## Problem description
Will you write out the data exactly, excluding every picture?

## Data excerpt
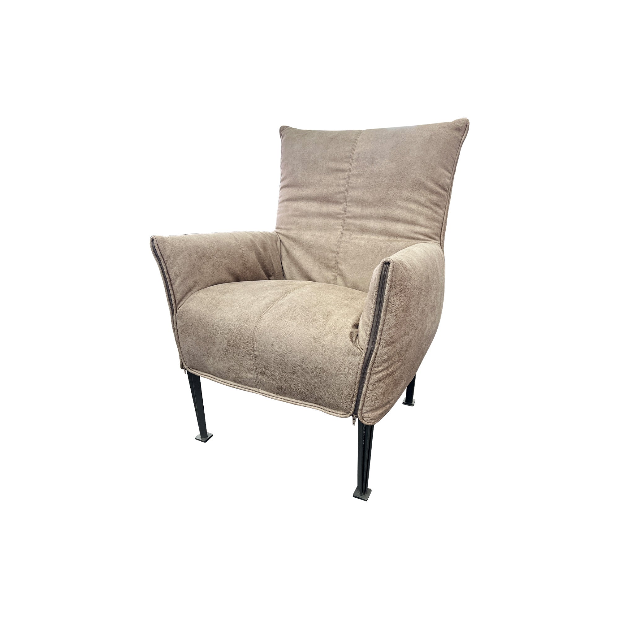 The NZ made Hugo chair in Eastwood Taupe Fabric has a powder-coated steel frame with fabric slip-cover and chunky zip detailing. A matching footstool is also available to order.
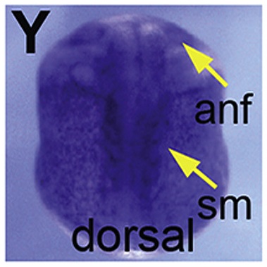 bcar3 (breast cancer anti-estrogen resistance 3) gene expression in Xenopus laevis embryo, assayed via in situ hybridization, NF stage 18, dorsal view, anterior up. |
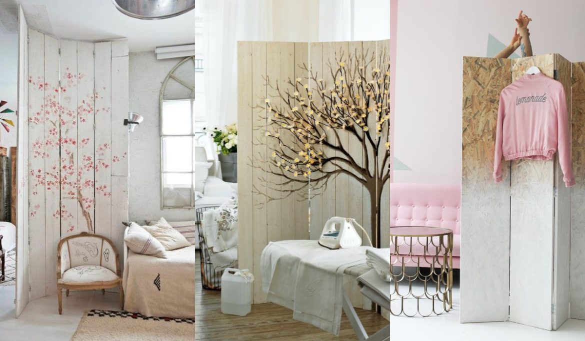 Et cette idée avec un point artistique. Un paravent simple décoré d’un design romantique.

## Answer section
 The NZ made Hugo chair in Eastwood Taupe Fabric has a powder-coated steel frame with fabric slip-cover and chunky zip detailing. A matching footstool is also available to order.
 bcar3 (breast cancer anti-estrogen resistance 3) gene expression in Xenopus laevis embryo, assayed via in situ hybridization, NF stage 18, dorsal view, anterior up. |
 Et cette idée avec un point artistique. Un paravent simple décoré d’un design romantique.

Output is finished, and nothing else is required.